AIM OF THE TASK –
Before you write out the listing, remove the pictures; everything else stays exactly as it is.

COLLECTED MATERIAL Block Start

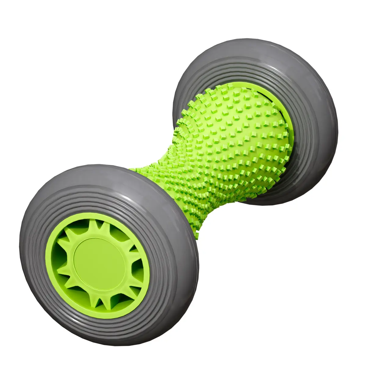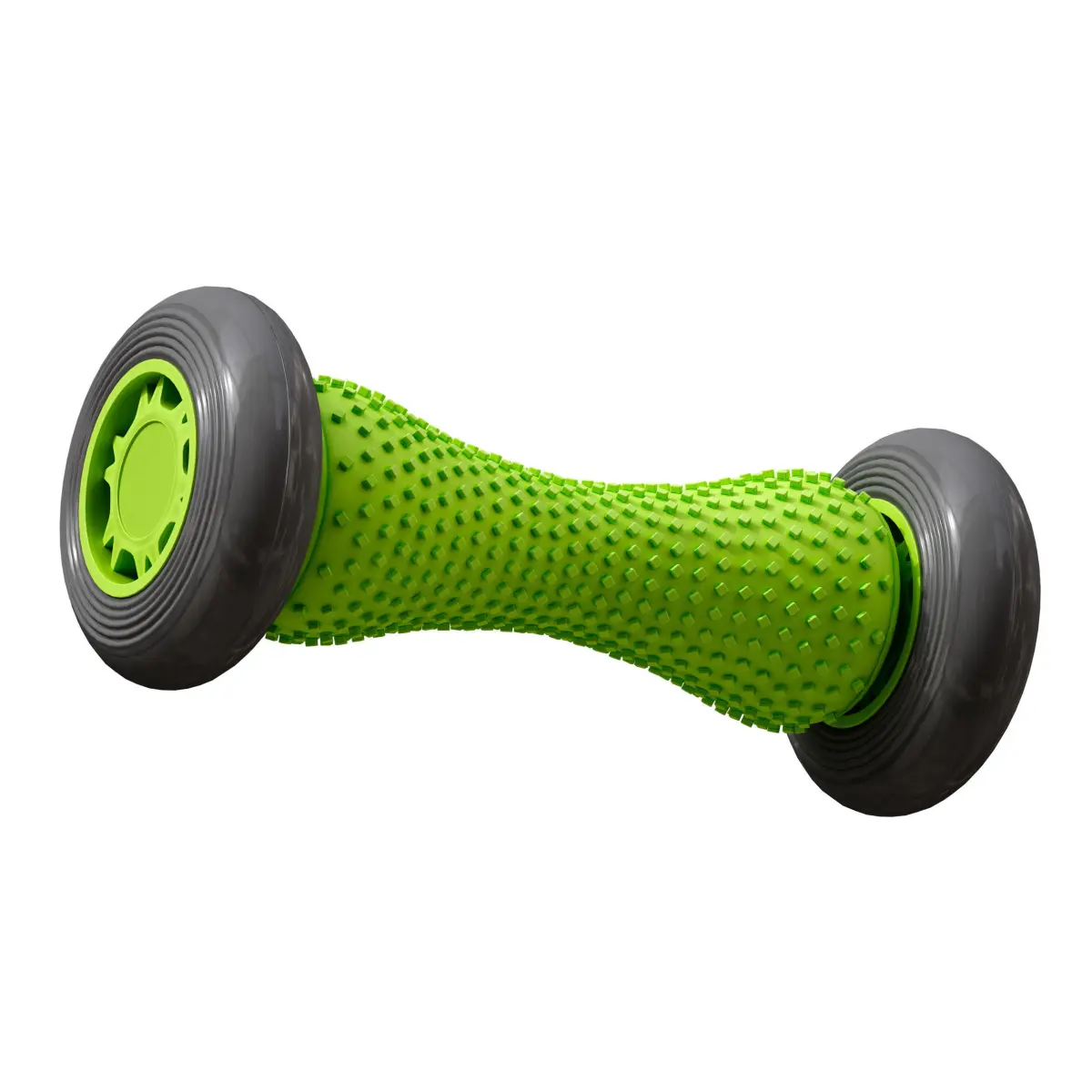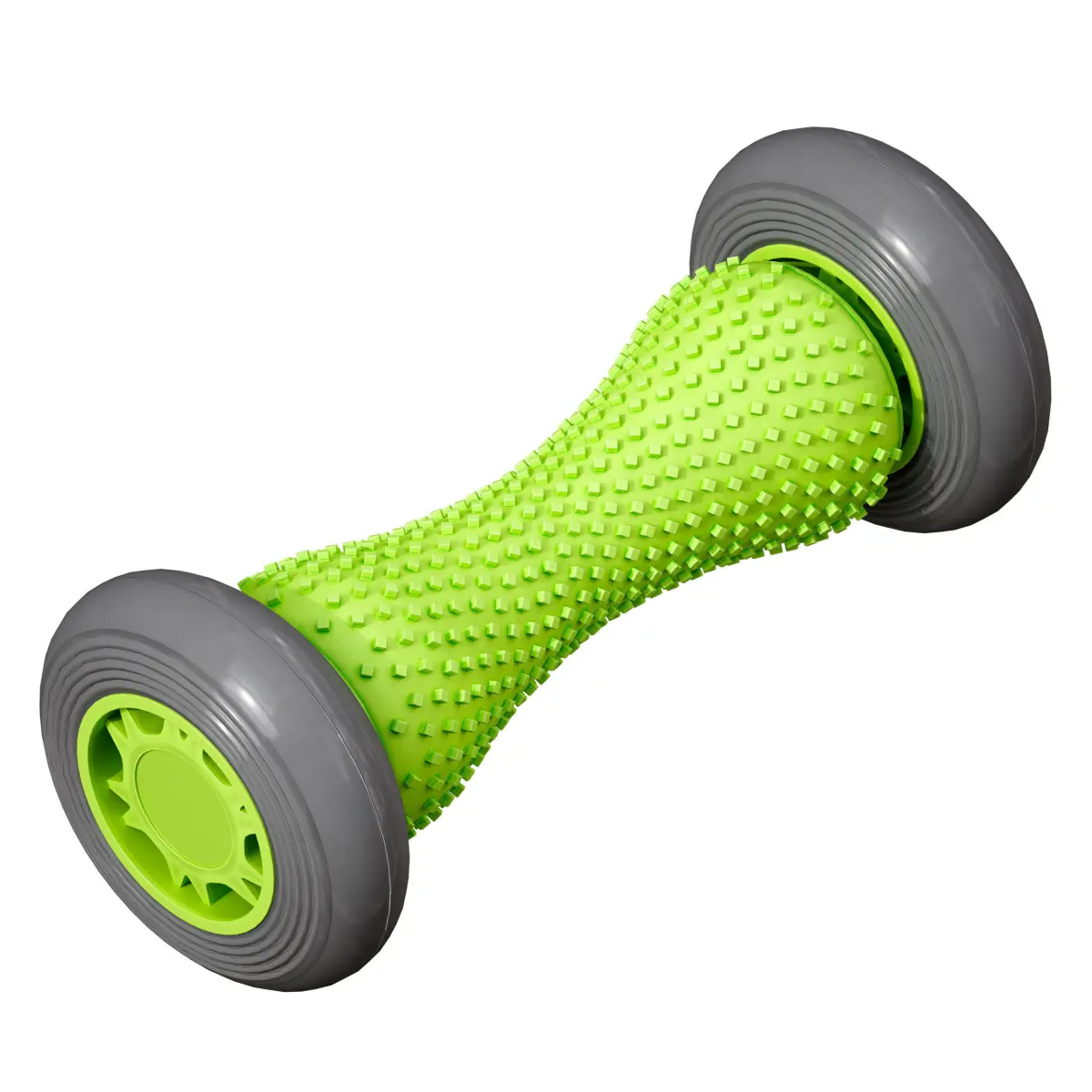 3d model of a massager, a massage roller on wheels. Working surface with bulges made of rubber. The color is bright green and grey.
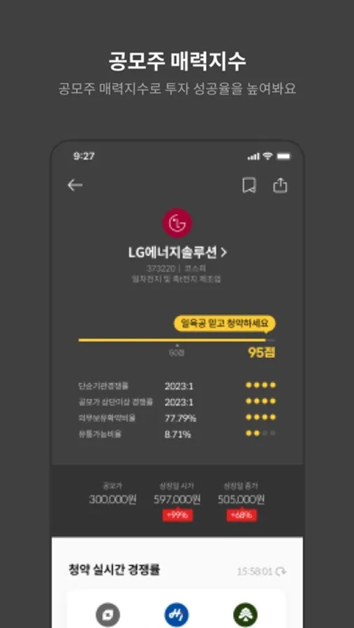 한눈에 파악 가능한 매력지수와 전문가의 의견을 통해 공모주 투자의 확률을 높이세요.
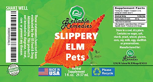 -. Feature : Want A Reliable Company That Backs Their Product With A Super Guarantee? - Want It Delivered Fast? - Want A Top Quality, High Potency, and Organic Product? - Customer Satisfaction Remains Our Top P.R.Iority! - That's Why You Can't Beat This Deal Anywhere! / Made In The USA! - Organic Liquid Extract! (For Fastest Results) - All Natural! - Alcohol Free! - Slippery Elm For Pets from "Reliable Remedies!" - Cold Pressed Process! - Nothing Synthetic! - No Additives! - No Preservatives! - No Gmo's! - No Artificial Ingredients! It Just Doesn't Get Any Better Than This! / P.R.Ime Members Delight In Free Shipping with Amazon, And Non-P.R.Ime Members Can Also Revel In This Amazing Offer! - Are You Ready To Take Advantage Of Free Shipping On Orders Over $35.00?! - We Are Proud To Say That, This Offer Is For Everyone! - Savings Have Never Been Easier! - It's Customers Favorite Part! / That's Right! (Act Now And Get A $25.79 Value for 0nly $20.79! - You Save 19%!) - Buy 2 Or More And Get 19% Off, And Get FREE SHIPPING! - That's Savings In The Best Place, Your Pocket! - (Limited Time Offer) / What Are You Waiting For? - If you're Getting Excited about the Reviews and Results of Our Wonderful Customers, This Is Great! - Better Yet! - Click Add To Cart Now And Experience Outstanding Results Of Slippery Elm For Pets From Reliable Remedies For Yourself!
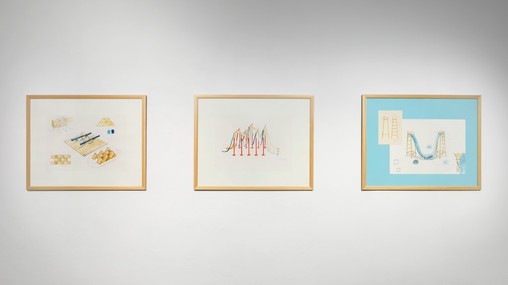 A tárlat magját az installációk alkotják, de a kiállítótér falára ezeknek a tervrajzait is kifüggesztetted. Miért mutatod meg őket?

COLLECTED MATERIAL Block End

SOLUTION FOR THIS PROBLEM –
 3d model of a massager, a massage roller on wheels. Working surface with bulges made of rubber. The color is bright green and grey.
 한눈에 파악 가능한 매력지수와 전문가의 의견을 통해 공모주 투자의 확률을 높이세요.
 -. Feature : Want A Reliable Company That Backs Their Product With A Super Guarantee? - Want It Delivered Fast? - Want A Top Quality, High Potency, and Organic Product? - Customer Satisfaction Remains Our Top P.R.Iority! - That's Why You Can't Beat This Deal Anywhere! / Made In The USA! - Organic Liquid Extract! (For Fastest Results) - All Natural! - Alcohol Free! - Slippery Elm For Pets from "Reliable Remedies!" - Cold Pressed Process! - Nothing Synthetic! - No Additives! - No Preservatives! - No Gmo's! - No Artificial Ingredients! It Just Doesn't Get Any Better Than This! / P.R.Ime Members Delight In Free Shipping with Amazon, And Non-P.R.Ime Members Can Also Revel In This Amazing Offer! - Are You Ready To Take Advantage Of Free Shipping On Orders Over $35.00?! - We Are Proud To Say That, This Offer Is For Everyone! - Savings Have Never Been Easier! - It's Customers Favorite Part! / That's Right! (Act Now And Get A $25.79 Value for 0nly $20.79! - You Save 19%!) - Buy 2 Or More And Get 19% Off, And Get FREE SHIPPING! - That's Savings In The Best Place, Your Pocket! - (Limited Time Offer) / What Are You Waiting For? - If you're Getting Excited about the Reviews and Results of Our Wonderful Customers, This Is Great! - Better Yet! - Click Add To Cart Now And Experience Outstanding Results Of Slippery Elm For Pets From Reliable Remedies For Yourself!
 A tárlat magját az installációk alkotják, de a kiállítótér falára ezeknek a tervrajzait is kifüggesztetted. Miért mutatod meg őket?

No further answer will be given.